Integrating with Existing Tools
Ultra mode works within the standard chat completions API, so existing AI coding tools should support it once they add the ultra parameter. Key considerations:
- Tools that manage context windows need to account for subagent token consumption
- Streaming responses may behave differently (subagents process before the final response streams)
- Timeout settings need to be longer for ultra-mode requests
- Cost tracking needs to capture subagent usage separately
Make sure your API keys are secured with appropriate rate limiting, especially for ultra mode where a single compromised request can consume significant resources.
FAQ
Does ultra mode always spawn subagents?
No. The model decides whether to use subagents based on the complexity of the request. For simpler requests, it may process normally even with ultra mode enabled. The 91.9% benchmark score reflects the average improvement across Terminal-Bench tasks, some of which may not have triggered subagent spawning.

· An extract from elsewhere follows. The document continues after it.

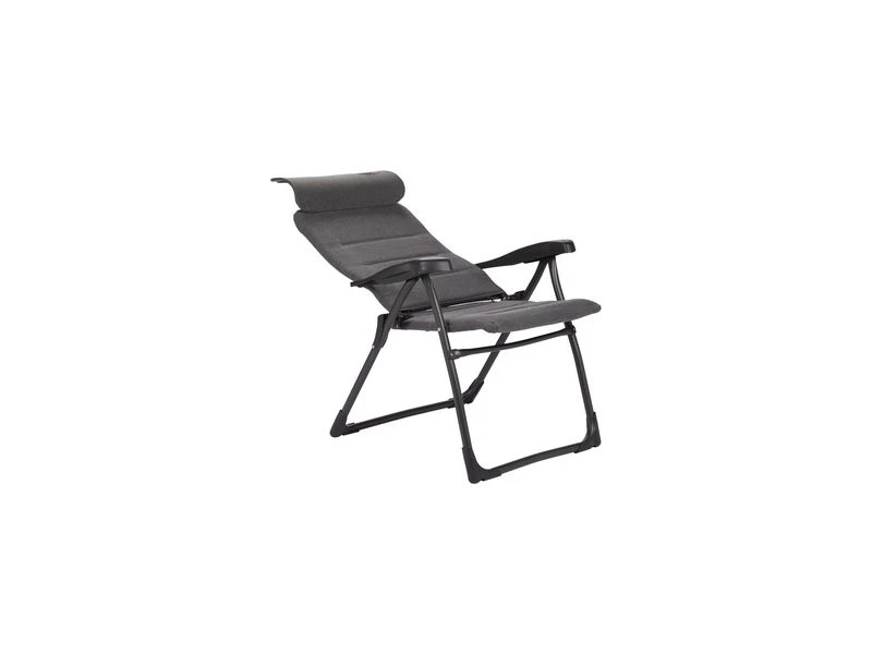 Een lichtgewicht en extra compacte standenstoel. Deze stoel biedt maximaal comfort door de in 7 standen verstelbare rugleuning en een traploos verstelbare hoofdsteun (ruglengte: 65-83 cm). De rugleuning, de zitting en de armleggers zijn ergonomisch gevormd. Deze comfortabele stof is zeer onderhoudsvriendelijk, bestand tegen verkleuring door de zon en waterafstotend door de open celstructuur. Hierdoor is de stoel veel sneller droog dan stoelen met een traditionele schuimvulling. De stoel is voorzien van een U-frame met stabilisatoren en extra dikke buizen voor extra stevigheid en stabiliteit. Deze stoel is door de inschuifbare hoofdsteun extra compact op te bergen. Tot 50% minder pakvolume in vergelijking met andere kampeerstoelen!

Can I control how many subagents are spawned?
Based on available documentation, you cannot directly control the number of subagents. The orchestrator decides the decomposition strategy. You may be able to influence this through prompt structure (explicitly breaking your request into numbered subtasks), but this is not guaranteed.
Is ultra mode available on Terra or Luna?
No. Ultra mode is exclusive to Sol. Terra and Luna support the reasoning effort parameter (low to max) but not subagent spawning. This makes sense since ultra mode’s cost implications would undermine Luna’s value proposition as the budget option.
How does ultra mode affect latency?
Significantly. Subagent spawning, parallel processing, and result synthesis all add latency. Expect ultra-mode requests to take 3 to 10x longer than standard Sol requests depending on the complexity of the decomposition. This is not suitable for real-time or low-latency applications.
Can I combine ultra mode with the cache system?
Yes. The orchestrator’s input (your prompt) benefits from caching normally. Subagent inputs are generated internally and are not directly cacheable across requests. However, if subagents reference your cached system prompt, that portion benefits from cache reads. The cost savings from caching apply to the orchestrator’s input but not to internally generated subagent contexts.